Listen to this National Association of Pastoral Musicians interview with Kate Williams, who compiled and edited Of Womb and Tomb, and this GIA podcast with her about the book. Read Elise Erikson Barrett’s advice on what not to say after someone’s miscarriage.

Use or adapt this public service of memorial and lament held at Church of the Ascension in Pittsburgh, Pennsylvania. Learn how to start a miscarriage ministry. Use or adapt this sample web form to request miscarriage support.

Share: Pregnancy & Infant Loss Support offers support groups in most U.S. states. Find faith-based support and resources at Early Pregnancy Loss Association, Fertility for Colored Girls, M.E.N.D. (Mommies Enduring Neonatal Death), Project Pomegranate, and Still Remembered.

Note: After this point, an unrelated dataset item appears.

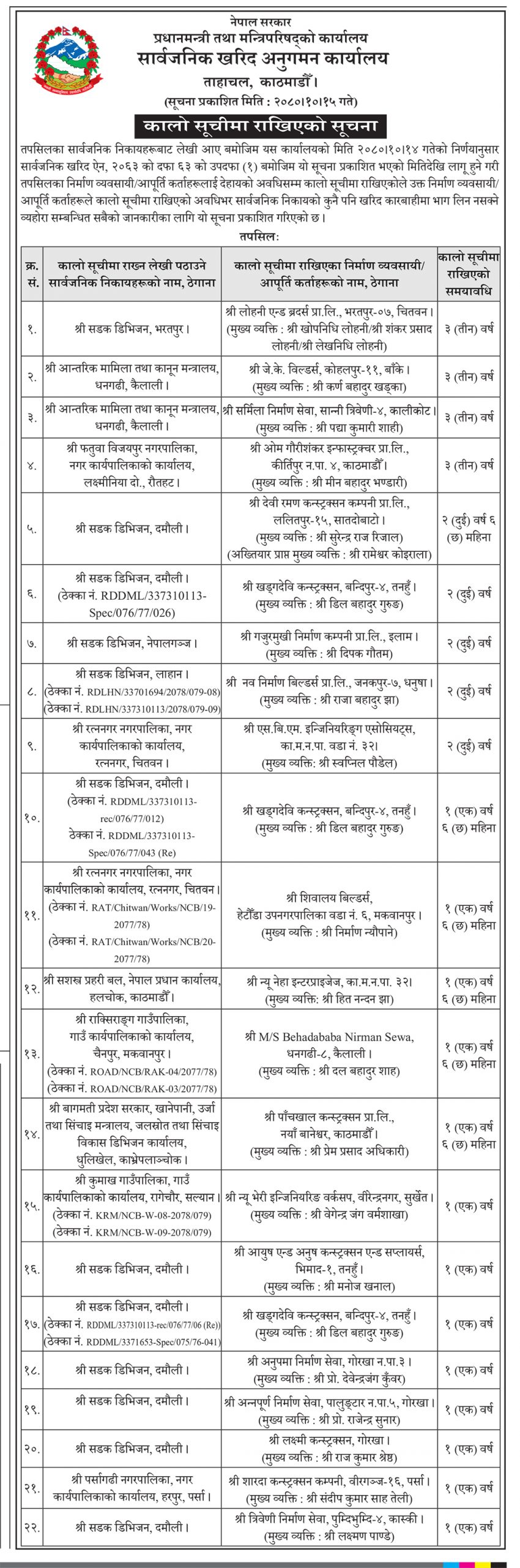 सोमबार एक सूचना प्रकाशित गर्दै आजकै मितिदेखि लागु हुनेगरी ति २२ वटा कम्पनीलाई कालोसूचीमा राखिएको हो । कालोसूचीमा राखिएको अवधिभर उक्त निर्माण व्यवसायी तथा आपूर्तिकर्ताहरूले सार्वजनिक निकायको कुनै पनि खरिद कारबाहीमा भाग लिन पाउने छैनन् ।

Request to download a free copy of Rainbows and Redemptions: Encouragement for the Journey of Pregnancy After Loss, a devotional guide written by ten American and Canadian women. Project Pomegranate posted a Father’s Day prayer that includes men who long to be fathers. The website Grief Watch sells books, pamphlets, and cards about men and grief.

Catholic Miscarriage Support offers practical advice specific to stillbirth so that families can honor and process this sad but important event. It also suggests resources for bereaved fathers.

Be Not Afraid is a ministry that supports couples who receive a difficult prenatal diagnosis but decide to carry the baby to full term.

START A DISCUSSION

Feel free to print and distribute this story at your staff, board, pastoral care, adult education, or worship committee meeting. These questions will help people start a conversation about dealing with infertility and reproductive loss:

  • Have you heard about congregants who experience infertility, miscarriage, stillbirth, infant death, or other pregnancy losses? How have you responded?
  • How often and in what ways does your church mention, acknowledge, or seek to heal these losses?
  • What first steps might your church or ministry take to become more informed about how pregnancy loss influences faith, worship, and life?